Moira Whitnettle saw her death before it happened. She worried for her little Belinda that she'd lead the same misguided life. Knowing her end was near, she pulled out her book for one last spell – to save her daughter from a life worse than death itself.
The morning Moira was burned at the stake, a teenage Belinda woke up having lost her sight, blinded by her mother’s last spell. Belinda smelled smoke singeing her nose, but her mother kept from screaming to spare her that haunting noise. Without sight, Moira could protect her daughter from ruinous magic, though she would lead a harder life without the use of her eyes. Belinda stood there, helpless, as her mother died, hearing cheers from voices she recognized, from people her mother helped only weeks before in the middle of the night: an elixir for fever, herbs to help the cows make more milk or a spell to staunch a bleeding heart.
Belinda had lost her sight, but still had her gifts, her bird, and her rat. She could no longer see the world the way others saw it, but she saw something else. She saw the love her mother had for her that stretched out like a silver web to the stars. She saw the fear in her grandmother, the day the guard knocked on her door, and how handsome her grandmother found him.
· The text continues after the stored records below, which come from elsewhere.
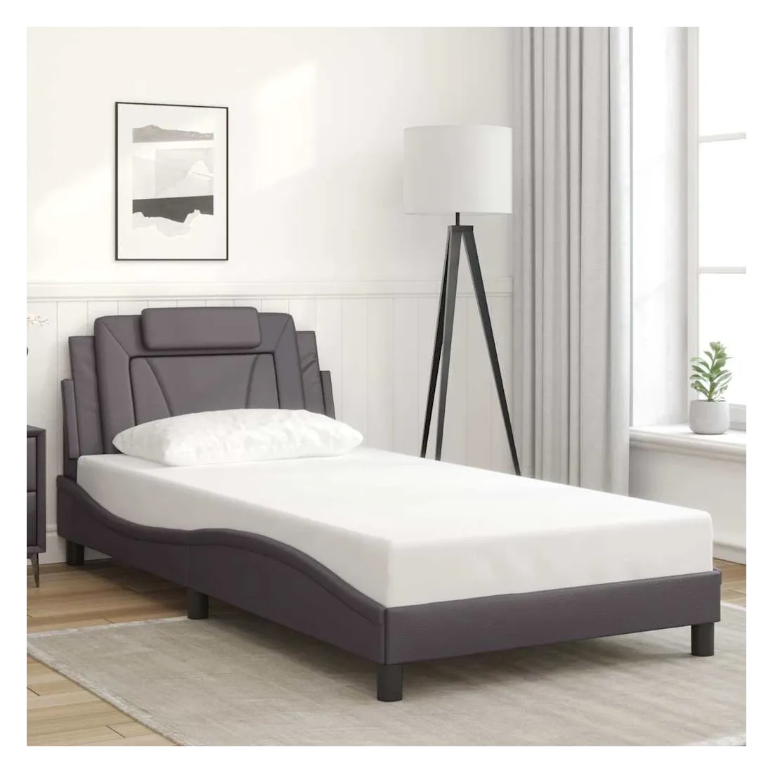 Obtenez une meilleure nuit de sommeil reposante grâce à ce cadre de lit avec tête de lit ! Il est un supplément accueillant à toute chambre à coucher. Similicuir durable : le similicuir de qualité supérieure est un matériau très durable. Il est résistant aux taches, ce qui le rend facile à nettoyer avec un chiffon humide. La surface lisse donne également un aspect luxueux et la beauté du cuir véritable.Lattes de contreplaqué : les lattes de contreplaqué assurent une bonne répartition du poids, garantissant que le matelas reste en place à chaque torsion de votre corps pendant le sommeil.Excellent soutien : l'oreiller de tête de lit est rembourré avec de la mousse pour un confort ultra doux et optimal vous offre un excellent soutien du dos lorsque vous êtes assis dans votre lit pour lire ou regarder la télévision.Design latéral ondulé : l’aspect ondulé du cadre de lit est élégant et sophistiqué, ajoutant une touche moderne et élégante à votre décor, ce qui en fait le point central de votre chambre à coucher. Bon à savoir :Un matelas n'est pas inclus avec ce lit. Nous offrons une sélection variée de matelas. Vous pouvez consulter notre boutique pour trouver un matelas assorti.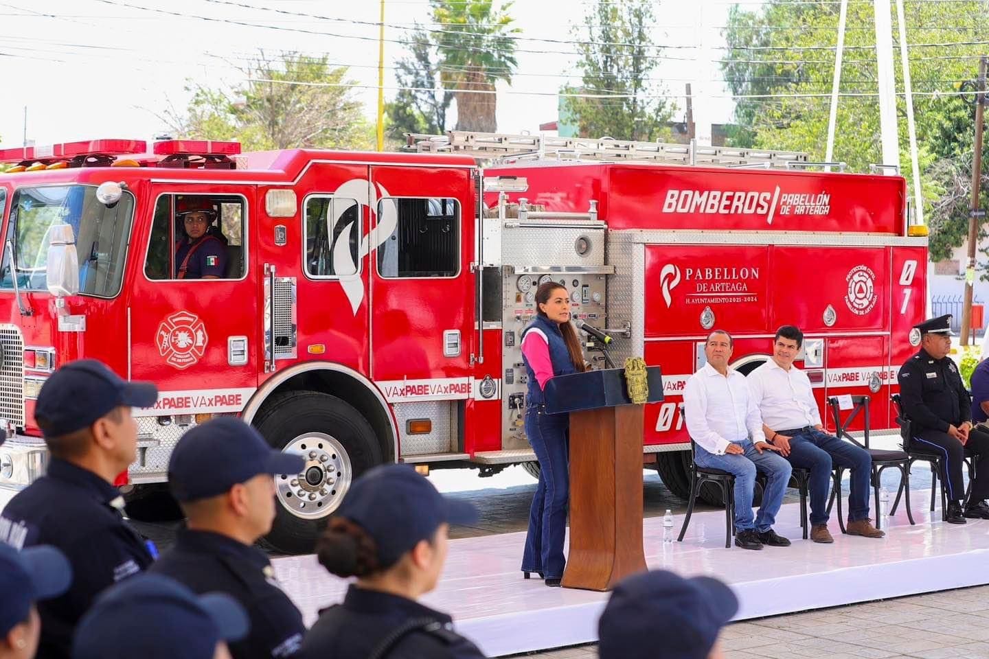 Posteriormente, Edgar Solís Cantú, coordinador de Protección Civil de Pabellón de Arteaga, dijo que con el nuevo camión de bomberos se beneficiará no solo a las y los pabellonenses, sino a la región norte del estado, brindando apoyo a los municipios cercanos.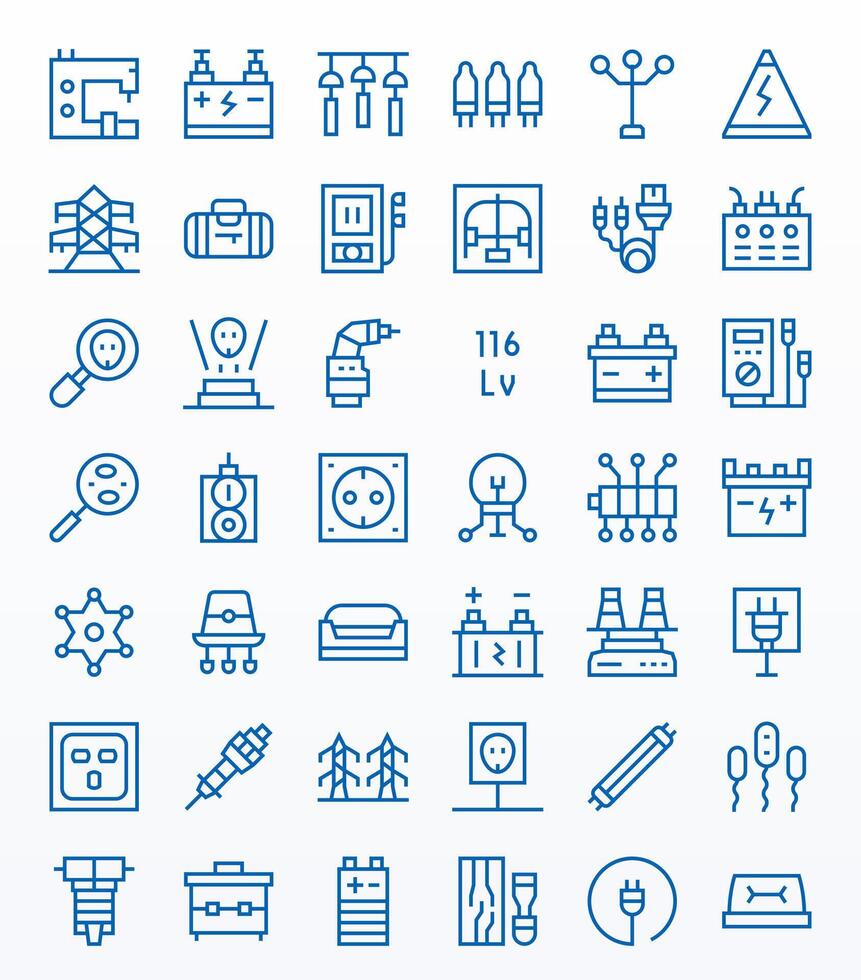 42 128x128 Regular Line Pixel Aligned Icons for Electrical Projects vector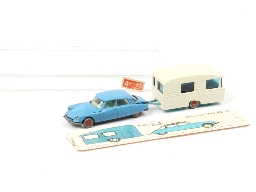 MAJORETTE (FRANCE) 15 CITROEN DS 21 avec caravane STERCKEMAN LOVELY bleu ciel & blanc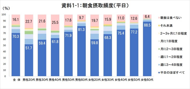 朝食の喫食頻度は、「平日ほぼすべて」食べると答えた人が、全体で70.3%となった。一方で20代では、男性51.7%、女性59.8%と年代が下がるほど少なくなる傾向に。

She saw the way the guard longed for her grandmother, but how he was too proud, and afraid of what she might think, and instead acted in anger. How he wept that night for treating her so poorly, when all he wanted to do was kiss her.
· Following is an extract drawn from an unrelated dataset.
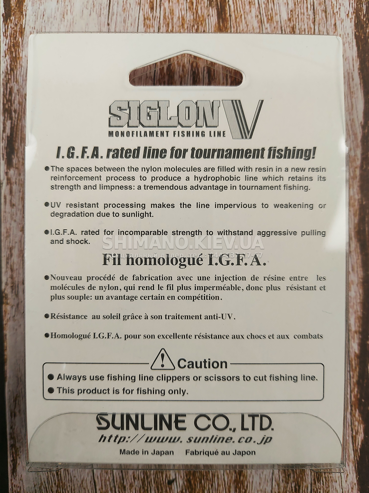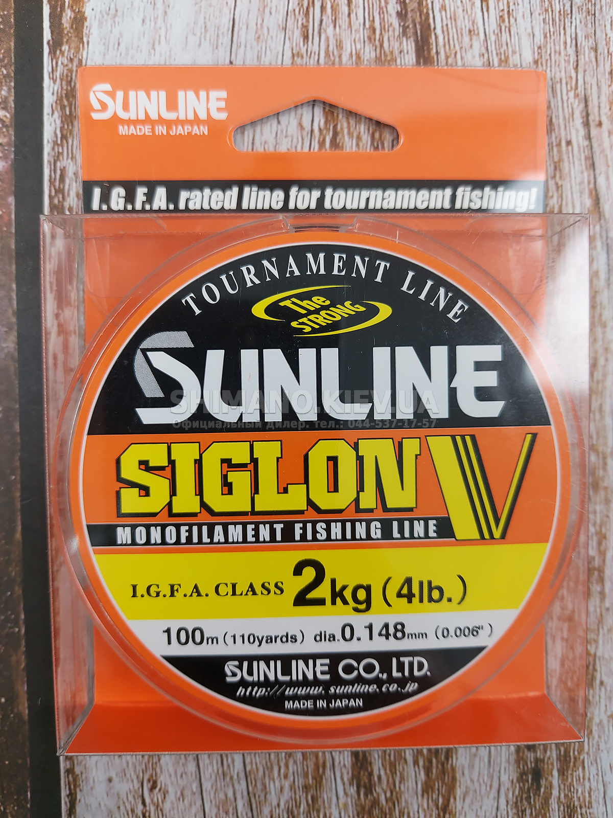 Оновлена версія бюджетної універсальної високоякісної волосіні. Siglon V має тришарове покриття полімерною смолою за новим методом, що значно покращує її робочі якості. м'якість, міцність, розтяжність, зносостійкість та знижує вологопоглинання. Цю волосінь можна з однаковим успіхом використовувати для різних методів як літньої, так і зимової риболовлі. Лісочка випускається в розмотках 30, 100 і 150м, при цьому розмотування 30 і 100м поставляються в зручних блоках по 10 з'єднаних між собою бобін. Висока якість, широкий спектр діаметрів, демократична ціна робить Siglon V однією з найкращих пропозицій щодо співвідношення ціна/якість на ринку.

She saw her own mother wandering in town the day after her grandmother was drowned. She saw a man and woman, adorned in pearls and fine silks, whispering how they lost their own daughter, and how Moira resembled her. They knew who she was, but they did not care, for they knew each child deserved love. Their hearts longed to help the lost child and give her a life of abundance that their own daughter never had. But when they turned back to find her, she was gone. They searched everywhere, even the charred remains of the old witch's house, but the girl was gone. Belinda saw her own life now, from above.
She fled home, sitting in silence. A worn book slid into her lap, brought to her from the mouth of her rat, but she tossed the book aside, grabbing a dry quill, scribbling down her own rules for life on the table. Alone and blind, she did not care for what was in front of her now, for she saw the truth, and wrote it:
When a fever strikes, use crushed lavender and milk thistle. When your tummy aches, rub it with honey and ferns. When you're seeking love, and a guard shows up on your doorstep, do not curse him -- but kiss him. When you want riches to be found, trust you will be found by riches. And when your own mother blinds you, know that the thread of fate is better than the one you could sew yourself. And should you light upon a little black book, toss it aside, for you will have your desires, anyway.
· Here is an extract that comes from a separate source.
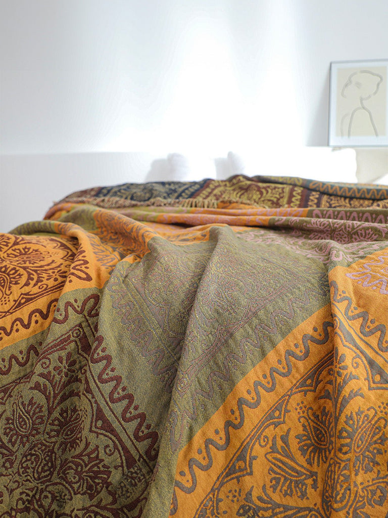Ce plaid en coton grand format est une invitation à la détente. Avec ses dimensions généreuses de 250 x 230 cm, il transforme votre lit ou canapé en un cocon visuel et sensoriel. Les motifs inspirés de l’univers bohème, dans des tons chauds de jaune, olive, terracotta et brun, apportent du relief et du caractère à votre intérieur.

When she finished, she heard a loud knocking. "Redhawk guard," a voice announced. She went to open the door, sensing a man towering above her. "Miss, I must inform you of an urgent matter. The king is reclaiming this home." "What, why?" she asked. "It is believed this home is not built upon any ordinary hill, but a gold mine. The king is giving you 20,000 gold pieces for the inconvenience." Her unseeing eyes widened, and her voice trembled in excitement. She moved her head as if looking up at him. "W--wait, you, did you say you are a Redhawk guard?" She asked. "I am," he replied stoutly.
With that, Belinda did what she had learned to -- she went onto her toes and kissed him.